Le pilote n’a rencontré aucun problème, même
s’il souffre de la chaleur, et gère sa course pour
essayer de rallier l’arrivée.
Belle remontée du pilote Fiat, Mirco Baldacci. Constamment
dans le groupe de tête côté chrono, il avait
malheureusement chuté à la septième place,
hier, suite à une crevaison. Aujourd’hui, il a continué
sur sa lancée en signant de très bons chronos (deuxième
temps dans l’ES11) et, tout en bénéficiant de
quelques abandons, il remonte à la quatrième place.
Malheureusement, sauf abandon des hommes de tête, une place
sur le podium est difficilement envisageable (2min40 séparent
Aava et Baldacci).
Salvador Canellas, dernier pilote ‘officiel’ Suzuki
encore en course, occupe la cinquième position. Seul soucis
rencontré par le jeune espagnol : un problème de freins
qui a été réglé lors de l’assistance.
« Il n’y a aucune raison d’attaquer
car les écarts avec les pilotes devant et derrière
moi sont importants. Le plus important est que je marque des points.
Je suis déjà crédité de huit points,
donc si je rallie l’arrivée à cette place, je
serais bien placé au championnat. »
Ceccato (Fiat Punto) et Svedlund (VW Polo) continuent leur apprentissage
de l’épreuve. Aucun problème à signaler
pour l’italien, quant à Svedlund, un problème
de direction assistée l’a gêné dans les
trois premières spéciales de la journée. Luca
Cechettini occupe pour l’instant la dernière place
donnant droit à des points au volant de sa Fiat Punto. Il
pointe à plus de 22 min du leader et perd deux places dans
cette étape après être sorti de la route dans
l’ES 11.
Cinquième
au terme de la première étape, Guy Wilks a passé
un mauvaise journée. Remonté à la quatrième
position après l’abandon de Katajamaki, le jeune anglais
endommage sa suspension avant droite dans l’ES10 qui devient
de plus en plus souple.
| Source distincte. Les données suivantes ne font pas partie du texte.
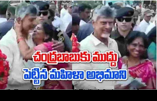 బాబుకు ముద్దు పెట్టిన మహిళా అభిమాని

Cela provoque des vibrations qui finissent
par endommager la direction. Il arrive tout de même à
refixer la roue dans l’ES11 mais a du continuer à faible
allure pour rejoindre l’assistance où la suspension
a été changée. Les problèmes ont continué
dans l’ES 12 avec la perte progressive du liquide de la direction
assistée. Au final, il chute à la neuvième
place mais peut espérer accrocher la huitième place,
synonyme de points, lors de la dernière étape.
Le principal abandon
de la journée est celui du finlandais Kosti Katajamaki. En
troisième place au soir de la première étape,
le finlandais a du se retirer au départ de l’ES 11
sur casse de sa boîte de vitesses. Alessandro Broccoli, seul
pilote au volant d’une Opel Corsa, l’a imité
dans l’ES 12 suite à un problème d’arbre
de transmission. Enfin, Martin Stenshorne a abandonné dans
l’ES 11 suite à la perte d’un élément
de la direction assistée qui aurait pu endommager le moteur.
La dernière
étape comprend six spéciales séparées
par un seul parc d’assistance. Les écarts étant
importants, les pilotes devraient ne pas prendre de risques et essayer
de rallier l’arrivée sans commettre de fautes.